# Mountain Lion et Mail : problème de fermeture



## sylvanhus (22 Septembre 2012)

Bonjour à tous,

Depuis mon passage à Mountain Lion (en clean install ) j'ai des soucis récurrents avec le logiciel Mail...

En effet ( j'avais déja ce soucis avant la mise à jour 10.8.2 ) le logiciel Mail, m'empêche d'éteindre mon iMac (21,5 i5 de 2011).

En effet le Mac reste sur le bureau et m'affiche un message d'erreur me confirmant de fermer Mail via le moniteur d'activité.

Alors en effet en passant par le moniteur d'activité j'arrive à fermer Mail, mais même en faisant clic droit "quitter" Mail refuse de se fermer , obliger de "forcer à quitter" dans le moniteur d'activité.

Je n'avais pas de soucis avec Snow Léopard.

J'ai cherché dans divers Forum, je n'ai pas trouvé de solution.

Si quelqu'un a une solution , je lui en serait très reconnaissant


----------



## Sly54 (22 Septembre 2012)

sylvanhus a dit:


> Alors en effet en passant par le moniteur d'activité j'arrive à fermer Mail, mais même en faisant clic droit "quitter" Mail refuse de se fermer , obliger de "forcer à quitter" dans le moniteur d'activité.


Clic droit / quitter = quitter par le menu idoine. S'il l'un ne marche pas, l'autre nonplus.
Si tu veux forcer à quitter par la Dock, c'est *alt* - clic droit, pour Forcer à quitter.


----------



## sylvanhus (22 Septembre 2012)

Sly54 a dit:


> Clic droit / quitter = quitter par le menu idoine.

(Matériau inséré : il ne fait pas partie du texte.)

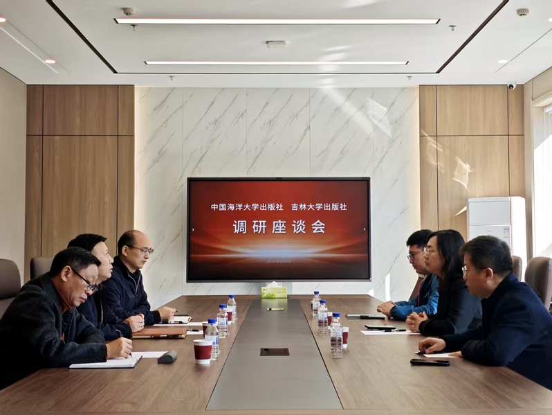 4月8日,刘文菁社长带队,前往吉林大学出版社进行调研交流,旨在进一步加强高校出版社之间的交流与合作,共同探讨新时代背景下大学出版社面临的机遇与挑战。吉林大学出版社董事长、书记迟宪良,总编辑李荣茂,副总经理(副社长)陈龙,中国海洋大学出版社副总编辑徐永成,办公室、总编室主任孙玮参加座谈交流。

S'il l'un ne marche pas, l'autre nonplus.
> Si tu veux forcer à quitter par la Dock, c'est *alt* - clic droit, pour Forcer à quitter.

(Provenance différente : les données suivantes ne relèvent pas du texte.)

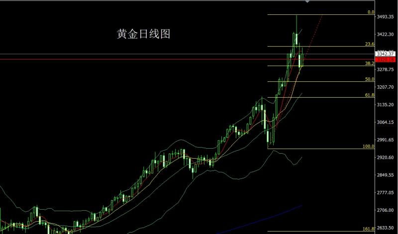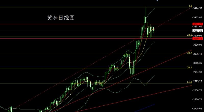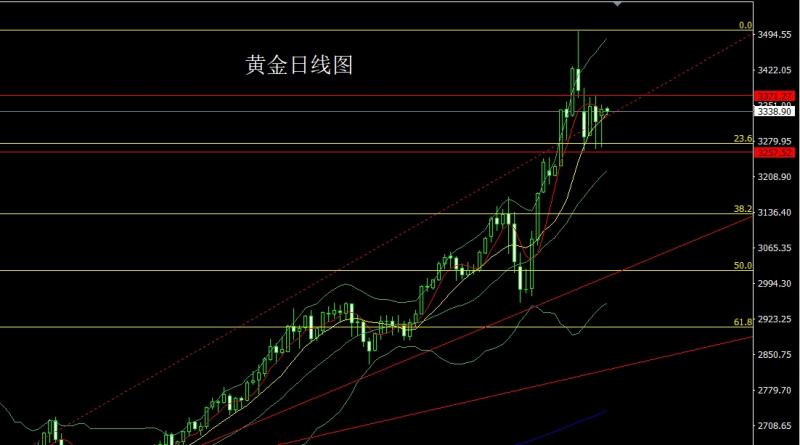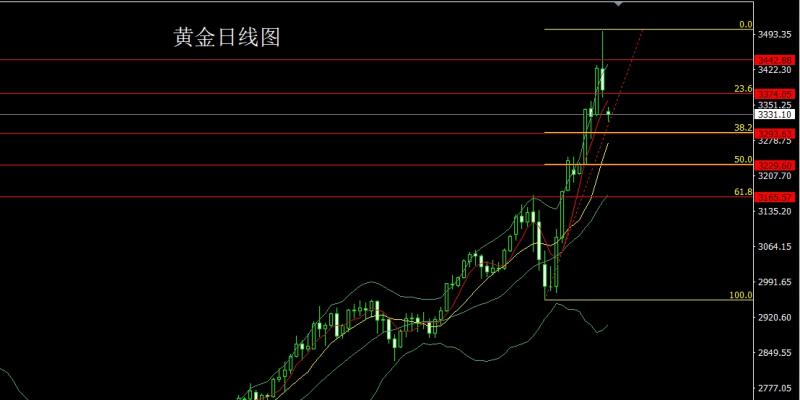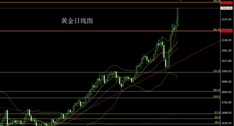 昨日黄金市场强势拉升,早盘开盘在3242.7的位置后行情先回落,日线最低给到了3237.1的位置后行情震荡拉升,给出3272的位置后行情回落给出3252的位置后行情强势拉升,日线最高触及到了3337.8的位置后行情整理,日线最终收线在了3333.9的位置后行情以一根下影线稍长于上影线的大阳线收线,而这样的形态收尾后,今日的行情

Merci Sly54 pour ta réponse, alors oui quand je force la fermeture via le moniteur d'activité cela fonctionne, mais je ne comprends pas pourquoi il ne s'éteint pas lorsque je décide d'éteindre mon ordi...

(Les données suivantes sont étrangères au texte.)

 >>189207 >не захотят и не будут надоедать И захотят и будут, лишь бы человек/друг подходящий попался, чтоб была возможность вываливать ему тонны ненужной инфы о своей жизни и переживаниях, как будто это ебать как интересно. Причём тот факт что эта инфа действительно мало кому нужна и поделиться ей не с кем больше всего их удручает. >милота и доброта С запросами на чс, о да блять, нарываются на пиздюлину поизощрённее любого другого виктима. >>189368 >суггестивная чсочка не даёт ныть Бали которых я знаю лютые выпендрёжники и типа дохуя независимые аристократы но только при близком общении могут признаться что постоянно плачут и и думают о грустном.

Lorsque je fais -Pomme - éteindre- toutes mes applications ouvertes se ferment les unes après les autres sans poser de problème, sauf Mail qui lui, m'oblige à le fermer manuellement avant de pouvoir éteindre la machine...

C'est pénible, car on ne pense pas souvent à tout fermer à la main, et quand bien même, Mail parfois ne se ferme pas non plus d'un simple clic droit et m'oblige à "forcer à quitter"...

C'est un problème que j'aimerais connaitre et résoudre


----------



## Sly54 (22 Septembre 2012)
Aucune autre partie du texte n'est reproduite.